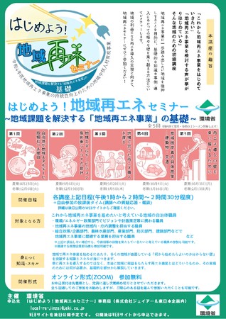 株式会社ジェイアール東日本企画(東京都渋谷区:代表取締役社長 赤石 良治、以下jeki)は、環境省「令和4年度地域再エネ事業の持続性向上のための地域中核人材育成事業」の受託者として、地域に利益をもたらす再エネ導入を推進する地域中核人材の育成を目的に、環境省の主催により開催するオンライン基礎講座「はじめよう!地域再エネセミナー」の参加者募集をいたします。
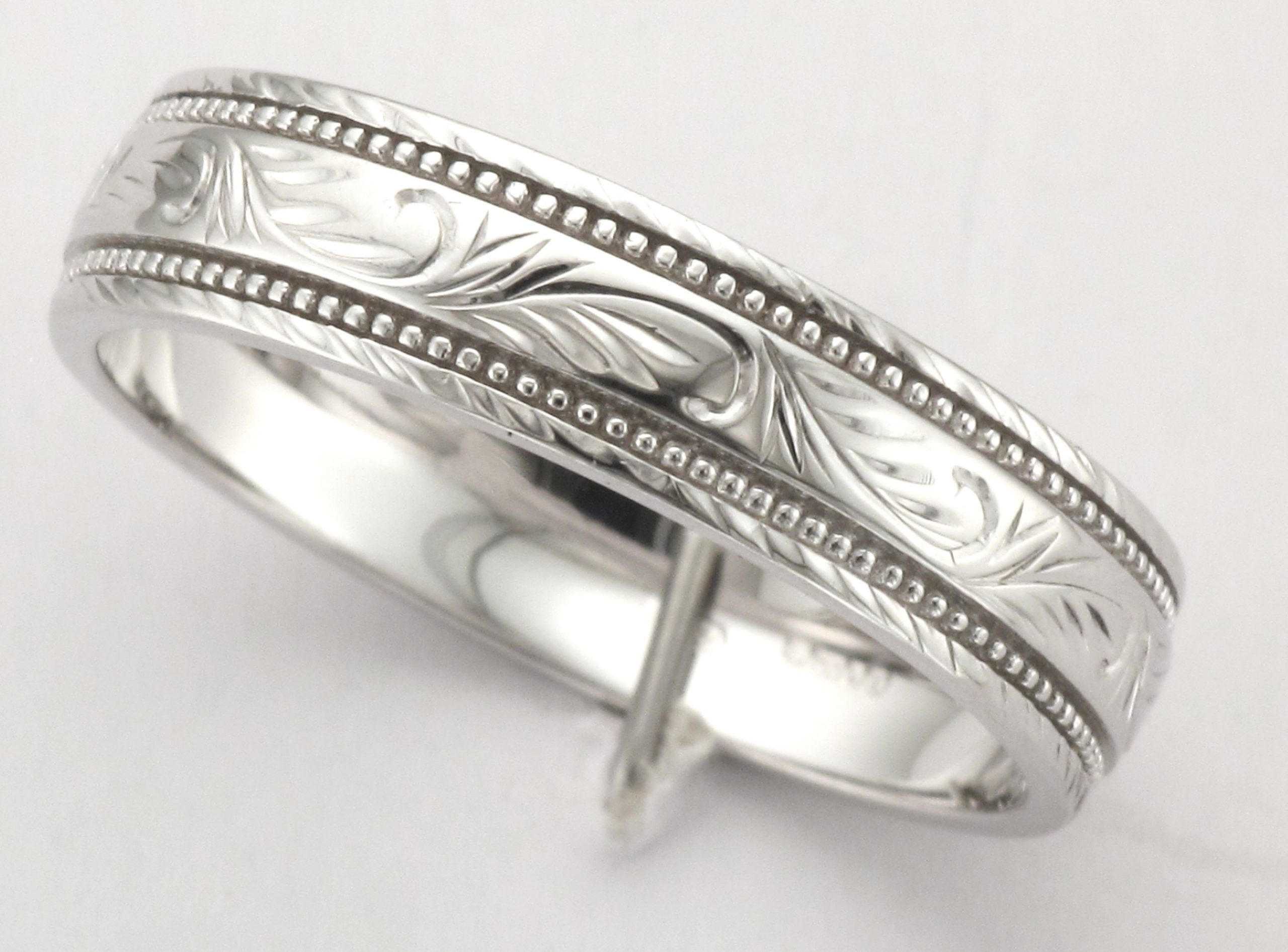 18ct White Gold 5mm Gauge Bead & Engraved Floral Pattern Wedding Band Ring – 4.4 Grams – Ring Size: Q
---+---
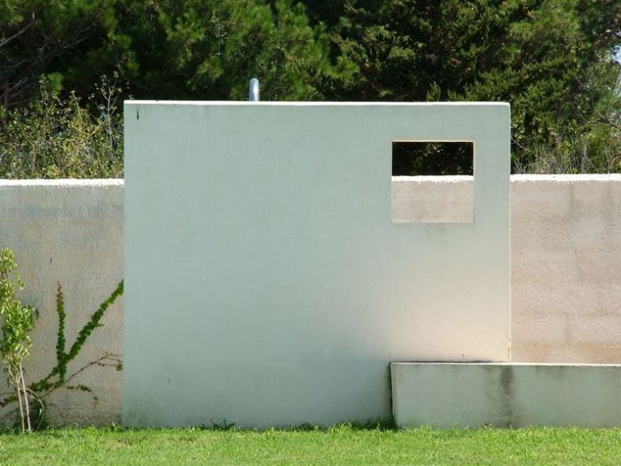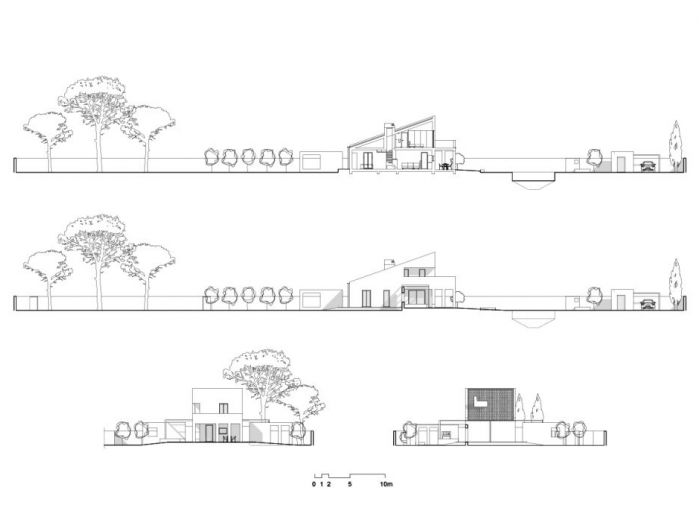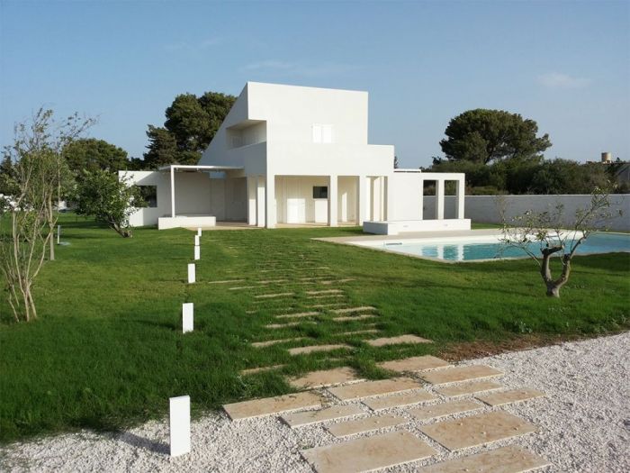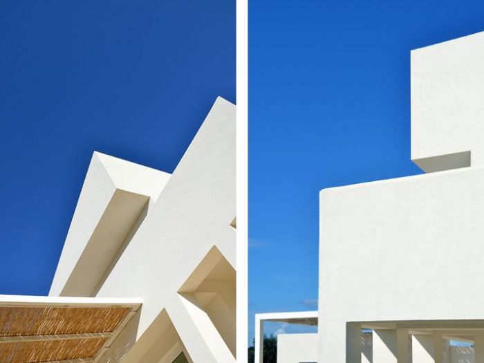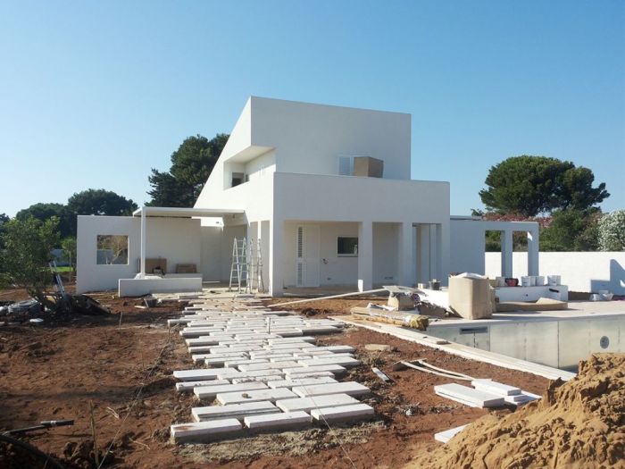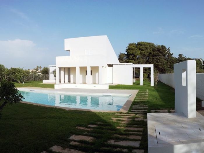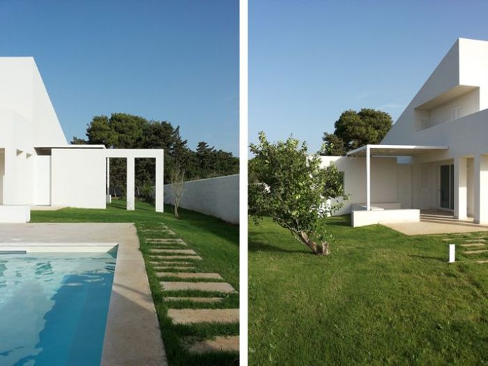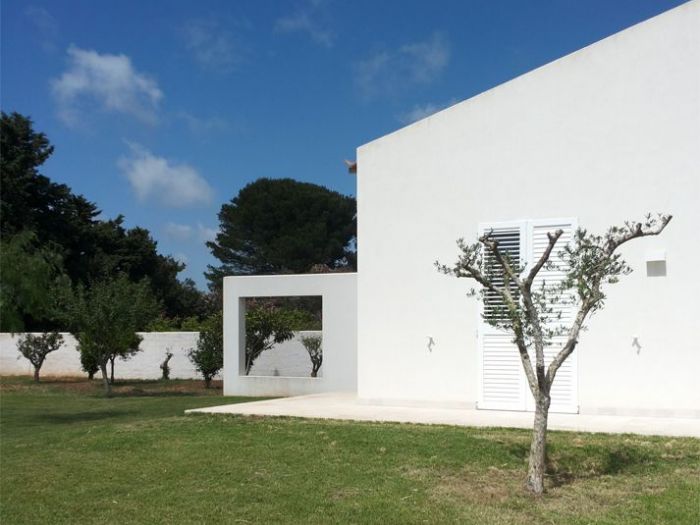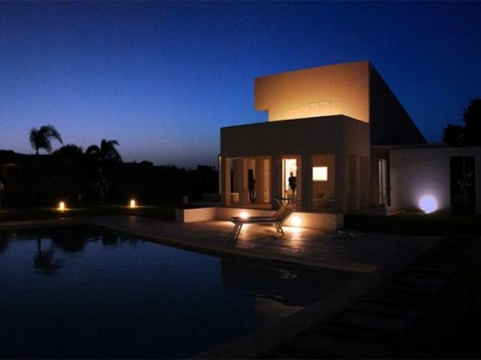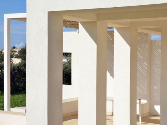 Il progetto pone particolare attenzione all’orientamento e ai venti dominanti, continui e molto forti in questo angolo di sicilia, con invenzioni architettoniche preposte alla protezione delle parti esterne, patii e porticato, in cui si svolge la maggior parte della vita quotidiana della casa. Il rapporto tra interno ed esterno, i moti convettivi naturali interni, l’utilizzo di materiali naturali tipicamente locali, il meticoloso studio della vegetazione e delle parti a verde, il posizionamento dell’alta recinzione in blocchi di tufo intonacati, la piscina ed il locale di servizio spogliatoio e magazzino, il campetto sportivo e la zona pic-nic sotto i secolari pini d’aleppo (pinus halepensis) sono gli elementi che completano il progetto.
---+---
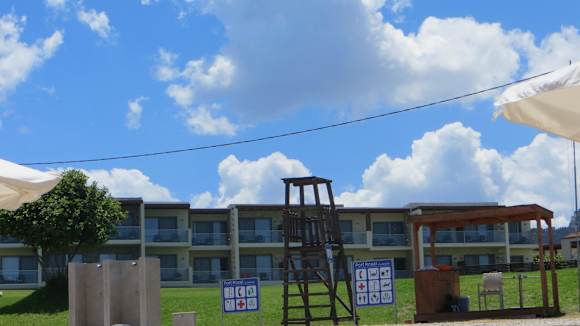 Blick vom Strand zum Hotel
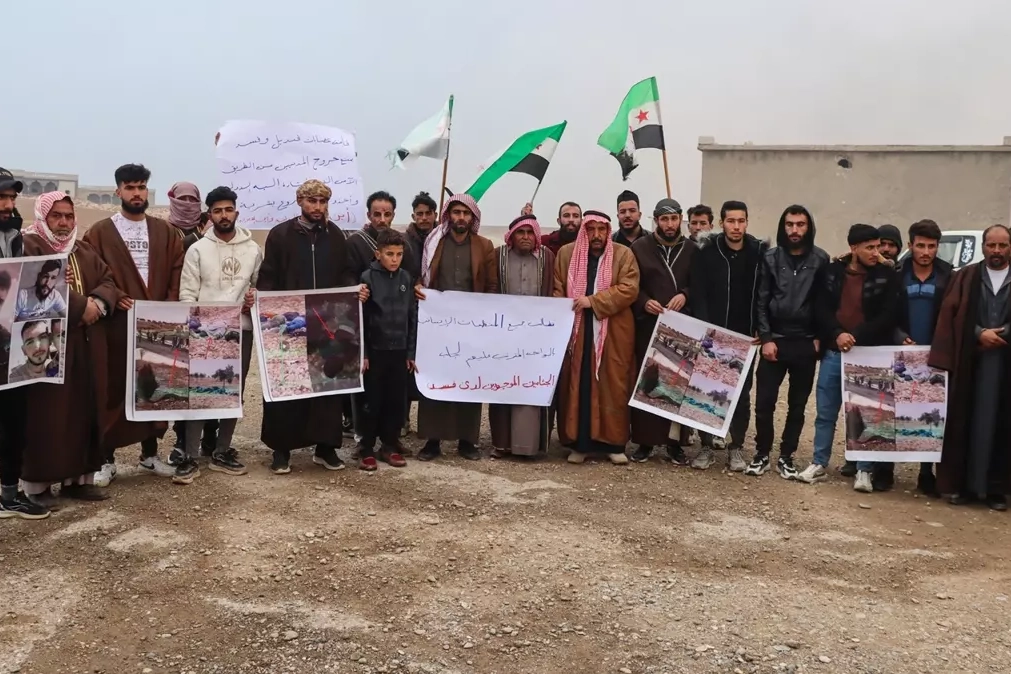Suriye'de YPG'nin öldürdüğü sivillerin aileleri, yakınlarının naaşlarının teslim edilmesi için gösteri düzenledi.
---+---
The response must repeat exactly the lines above from the one with "Blick vom Strand zum Hotel" through the one with "Suriye'de YPG'nin öldürdüğü", including both, and must contain no pictures and no other text.

Result below
 Blick vom Strand zum Hotel
Suriye'de YPG'nin öldürdüğü sivillerin aileleri, yakınlarının naaşlarının teslim edilmesi için gösteri düzenledi.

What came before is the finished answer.